I love my cat, Charlie. I really do. But every morning, it's "meow meow meow feed me meow meow meow". The second I'm home from work, "meow meow meow feed me meow meow meow. I can't ask him to wait a second and I'll be right there, he just doesn't understand. He's hungry, and I am the purveyor of food.
I don't free-feed him, as that's an easy way for cats to get fat. And anyone could buy an automatic feeder. But where's the fun in that? I'd rather build my own.
If you take a look at the numerous pet feeders on Hackster, you'll find most use a cereal dispenser, which is the approach I've taken. There are other implementations where people have crafted their own dispensing system, but who can argue for $20 on Amazon. And it comes with two dispensers, so you can make one for each pet, or have a backup when you explode the first one.
My initial plan was to attach a motor hub to the dispenser handle and attach a motor to the hub. As I started working with the handle, I noticed it slides right out, and has a not that let me use a standard motor coupler instead. So I cut off the silver handle and did just that.
To give Charlie enough room, I mounted the dispenser to a new frame. The motor+coupler is partially supporting the bottom, and I added a couple 3" bolts at the top to reduce the load and keep it steady. At the bottom, I added a large arcade style button.
The system is using an Adafruit Feather board based around an ESP8266 WiFi chip. The motor is then driven by one of their convenient FeatherWing motor drivers. I chose a stepper motor to regulate how much turning is required.
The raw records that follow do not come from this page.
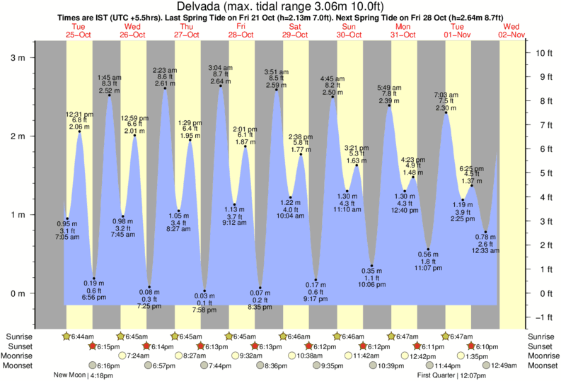 Tide Times are IST (UTC +5.5hrs). Last Spring High Tide at Delvada was on Sat 06 Dec (height: 2.98m 9.8ft). Next high Spring Tide at Delvada will be on Sun 21 Dec (height: 2.59m 8.5ft).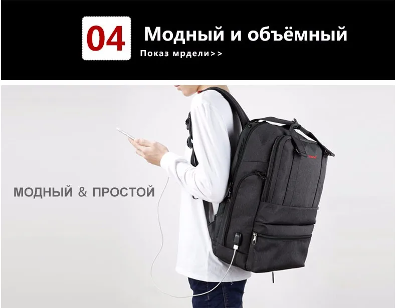 Рюкзак Tigernu мужской для ноутбука 15,6 дюйма, с защитой от кражи и USB-зарядкой
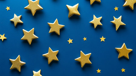 Gold stars scattered on a royal blue background, a festive and comfortable look generative ai

What I want is for Charlie not to bother me when he's hungry. I want to stay in bed a few more minutes. I wanna just relax after work. I could tell Alexa to feed the cat. I could setup schedules online and have it check in online, or make a simple web app so I can feed him from my phone. And I may very well do some of those things. But automation is about letting the system just go. Who's got time and energy to pull out their phone? I might as well scoop some food manually at that point.
So at the core, the system has a button and a timer. When the button is pressed, the food is dispensed, and the timer is started. When the timer expires, food is dispensed again, and the timer is restarted. Thus continuing the flow of food for the next 50 days or so, when the millis() value overflows.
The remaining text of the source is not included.